Brief.
Once the line with "Отзывы на Телескопическая" is found, repeat it and all later lines exactly through the end of the listing below, with the pictures left out.

Exercise inputs section start

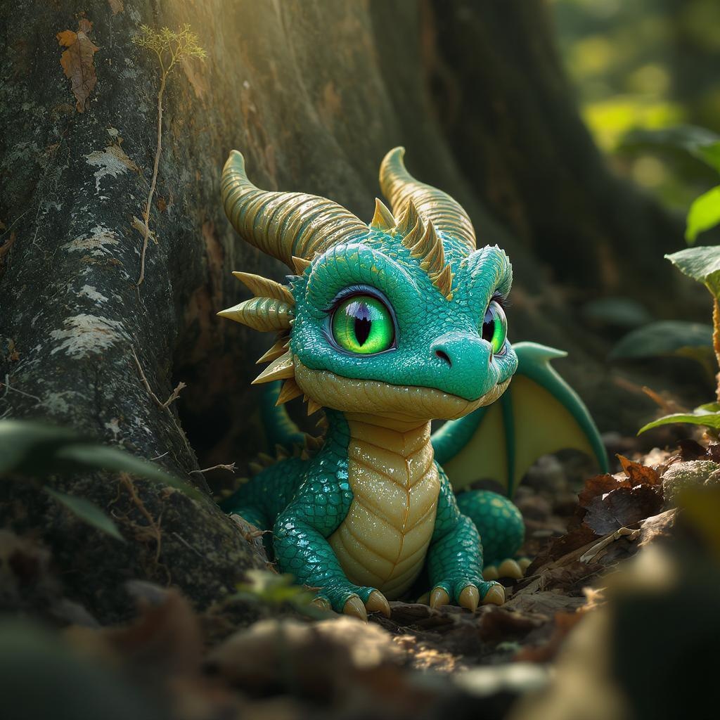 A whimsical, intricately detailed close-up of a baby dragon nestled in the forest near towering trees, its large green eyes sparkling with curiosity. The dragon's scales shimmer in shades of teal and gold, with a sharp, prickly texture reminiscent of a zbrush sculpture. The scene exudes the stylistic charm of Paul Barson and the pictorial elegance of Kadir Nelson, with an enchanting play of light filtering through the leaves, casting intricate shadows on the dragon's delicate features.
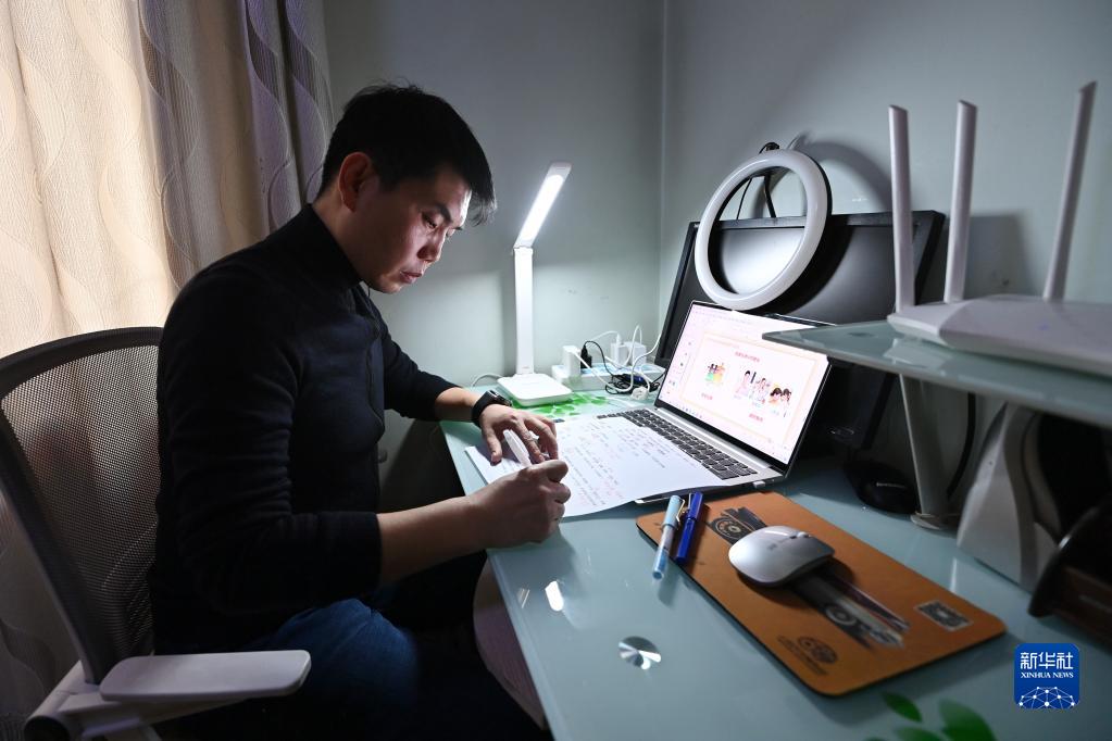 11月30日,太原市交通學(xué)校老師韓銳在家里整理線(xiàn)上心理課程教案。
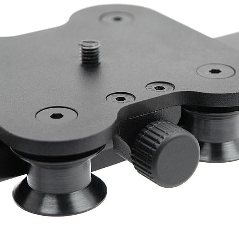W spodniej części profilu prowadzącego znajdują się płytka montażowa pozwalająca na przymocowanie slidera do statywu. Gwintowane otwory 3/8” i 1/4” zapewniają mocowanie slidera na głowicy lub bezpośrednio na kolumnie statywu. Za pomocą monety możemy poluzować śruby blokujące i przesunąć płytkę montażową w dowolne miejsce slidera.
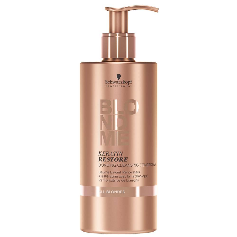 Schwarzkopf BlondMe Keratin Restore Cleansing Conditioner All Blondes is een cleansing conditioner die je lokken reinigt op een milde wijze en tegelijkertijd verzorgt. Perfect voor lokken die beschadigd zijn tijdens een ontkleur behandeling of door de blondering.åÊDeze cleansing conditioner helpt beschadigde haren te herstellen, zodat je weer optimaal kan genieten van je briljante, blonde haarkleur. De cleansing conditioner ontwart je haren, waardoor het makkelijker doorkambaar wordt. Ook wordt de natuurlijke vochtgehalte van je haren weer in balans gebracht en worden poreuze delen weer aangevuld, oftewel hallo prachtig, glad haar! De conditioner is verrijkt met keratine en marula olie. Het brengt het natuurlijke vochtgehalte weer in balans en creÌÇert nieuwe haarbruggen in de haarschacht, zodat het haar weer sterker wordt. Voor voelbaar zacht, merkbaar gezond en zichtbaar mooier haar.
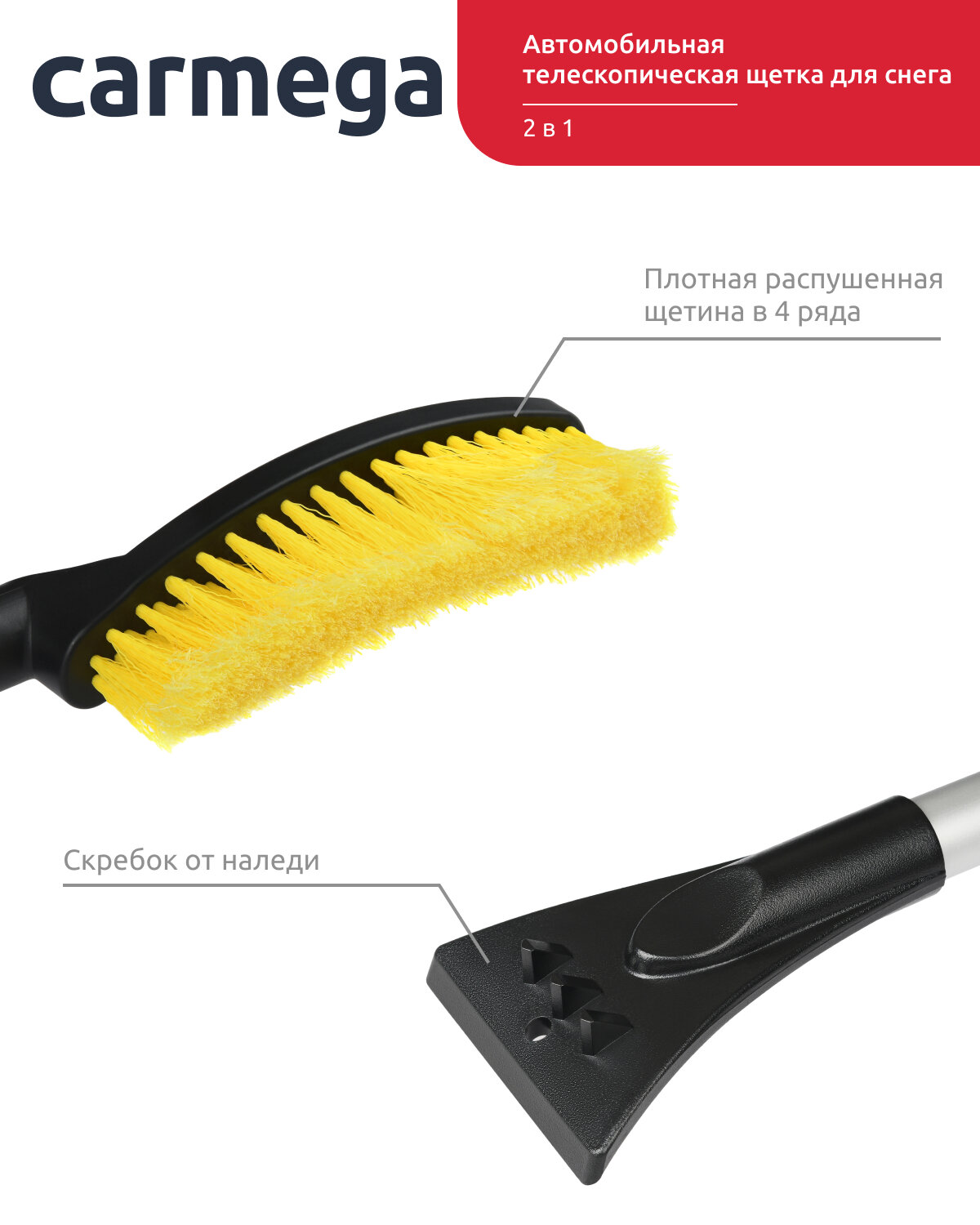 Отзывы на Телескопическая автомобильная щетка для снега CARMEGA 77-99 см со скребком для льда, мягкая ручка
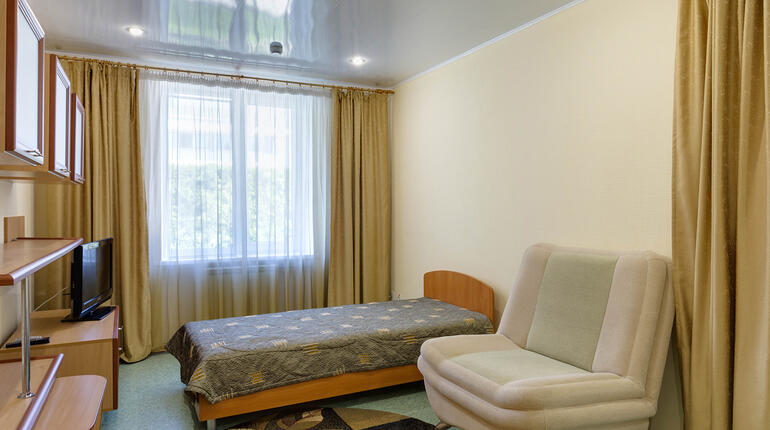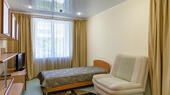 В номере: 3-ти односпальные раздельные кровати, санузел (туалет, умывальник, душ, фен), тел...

Exercise inputs section end

Response area.
 Отзывы на Телескопическая автомобильная щетка для снега CARMEGA 77-99 см со скребком для льда, мягкая ручка
 В номере: 3-ти односпальные раздельные кровати, санузел (туалет, умывальник, душ, фен), тел...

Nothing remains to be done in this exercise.